Task objective:
Print this span of the material below exactly: the line with "Lysri Meuble TV", the line with "Forty oval mixed", and every line between them, but nothing else.

Entries provided:
------------------------------------

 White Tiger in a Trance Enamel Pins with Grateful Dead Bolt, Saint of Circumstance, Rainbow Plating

------------------------------------

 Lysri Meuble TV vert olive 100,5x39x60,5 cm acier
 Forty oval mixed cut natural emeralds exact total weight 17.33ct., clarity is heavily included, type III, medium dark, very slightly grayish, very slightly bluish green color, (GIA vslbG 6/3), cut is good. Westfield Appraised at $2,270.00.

------------------------------------

Result of the task:
 Lysri Meuble TV vert olive 100,5x39x60,5 cm acier
 Forty oval mixed cut natural emeralds exact total weight 17.33ct., clarity is heavily included, type III, medium dark, very slightly grayish, very slightly bluish green color, (GIA vslbG 6/3), cut is good. Westfield Appraised at $2,270.00.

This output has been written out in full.